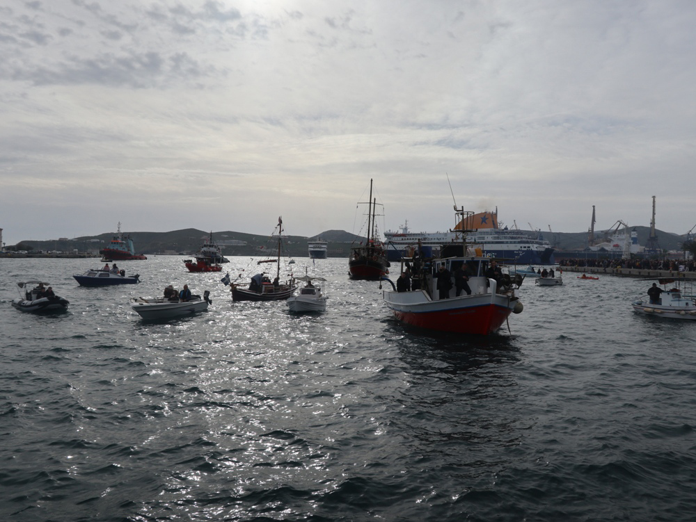 Εν συνεχεία,ο Σεβασμιώτατος κ. Δωρόθεος Β’ επέβη σκάφους του Λιμενικού Σώματος, από την πλώρη του οποίου έρριψε το Σταυρό στη θάλασσα, τον οποίο έσπευσαν τολμηροί νέοι, μεταξύ των οποίων και πενταετές παιδί, και τον οποίο ανέσυρε ο κ. Βασιλ. Κορφιάτης, υπό τα χειροκροτήματα των παρισταμένων, τους εορταστικούς ελιγμούς των μόλις καταπλευσάντων επιβατικών πλοίων «BLUE STAR PAROS» και «BLUE STAR MYKONOS», τους πανηγυρικούς συριγμούς των Ρυμουλκών του Λιμένος Σύρου αγγελματιών και Ερασιτεχνών Αλιέων, του Ομίλου Φουσκωτών και Ταχυπλόων Σκαφών Σύρου και του Σωματείου Λεμβούχων και Καβοδετών Σύρου, και υπό τις χαρμόσυνες κωδωνοκρουσίες, δημιουργώντας μια μεγαλειώδη εορταστική ατμόσφαιρα, που απέδειξε, όπως είπε ο Σεβασμιώτατος κ. Δωρόθεος Β’ ότι η Ερμούπολη είναι και αξίζει να είναι η Πρωτεύουσα πόλη των Κυκλάδων και της Περιφέρειας Ν. Αιγαίου.
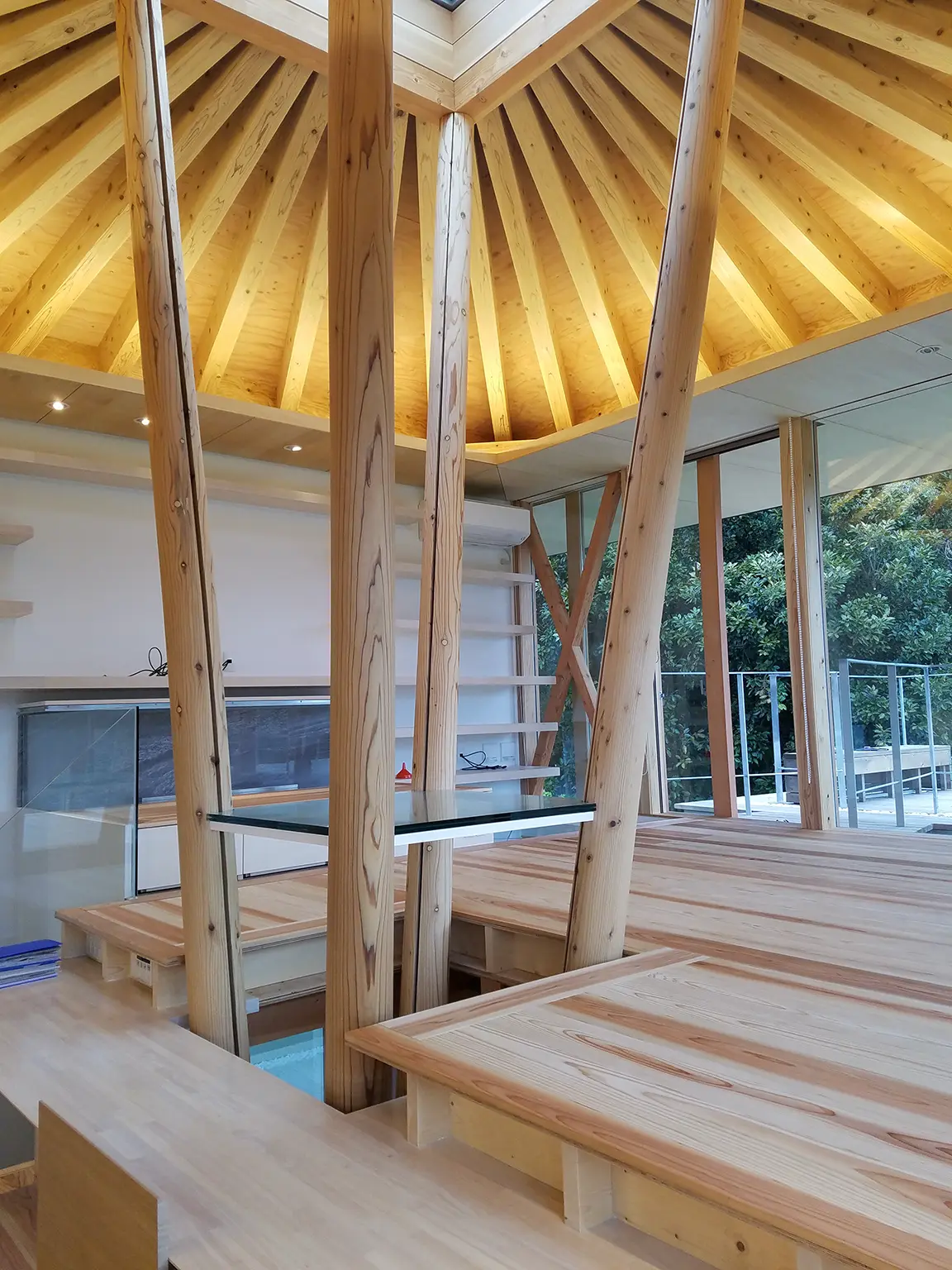 特に丸柱の墨付けと建て方は難易度が高く、職人同士で何度も確認を重ねながら組み上げました。
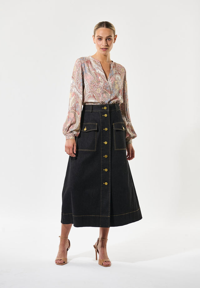 Elegant and wearable, this regular fit viscose crepe blouse in a beautiful pink paisley design has a small band collar and cross over placket at the front. Voluminous sleeves are pleated into small covered button cuffs and there is a slit at the side seam.
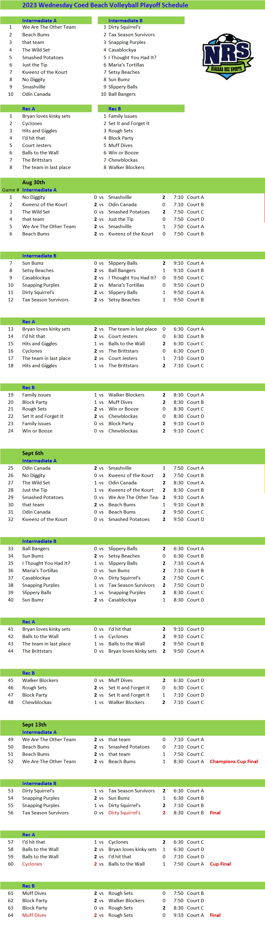 NRS 2023 Wednesday Coed Voleyball Playoff Schedule Final Published September 29, 2023 at 870 × 3036 in Wednesday Evening Beach Volleyball Playoff Schedule
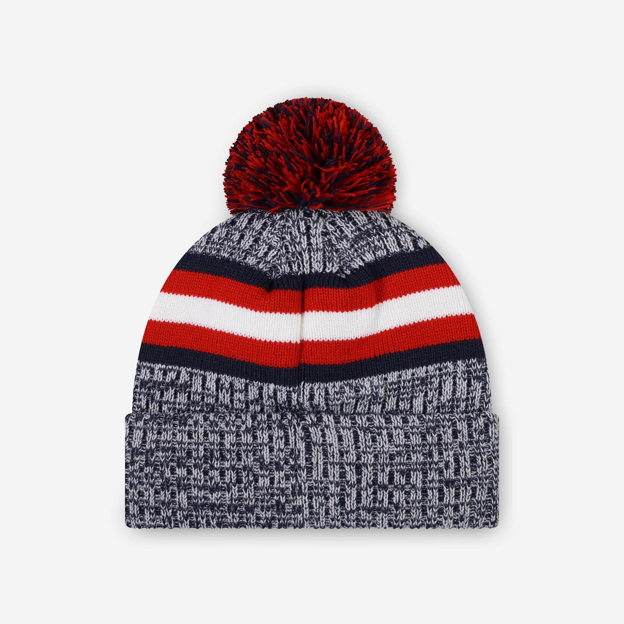 Don’t get left out in the cold. Make the smart play for gameday and beyond with the New England Patriots Heather Team Stripe Lined Pom Beanie!
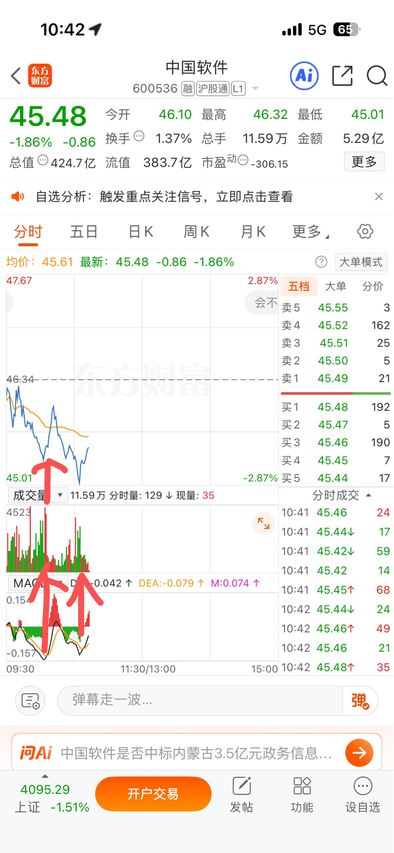 $中国软件(SH600536)$ 第一次抢,以为到底了。第二次抢,抢不过,躺平了。穷b主力,你没那么多本钱就别揽这个瓷器活啊。

^^^^

> [Task brief]
Working from the line that contains "Don’t get left" to the last line of the listing, please quote each line exactly, pictures excluded.

> [Solved exercise]
 Don’t get left out in the cold. Make the smart play for gameday and beyond with the New England Patriots Heather Team Stripe Lined Pom Beanie!
 $中国软件(SH600536)$ 第一次抢,以为到底了。第二次抢,抢不过,躺平了。穷b主力,你没那么多本钱就别揽这个瓷器活啊。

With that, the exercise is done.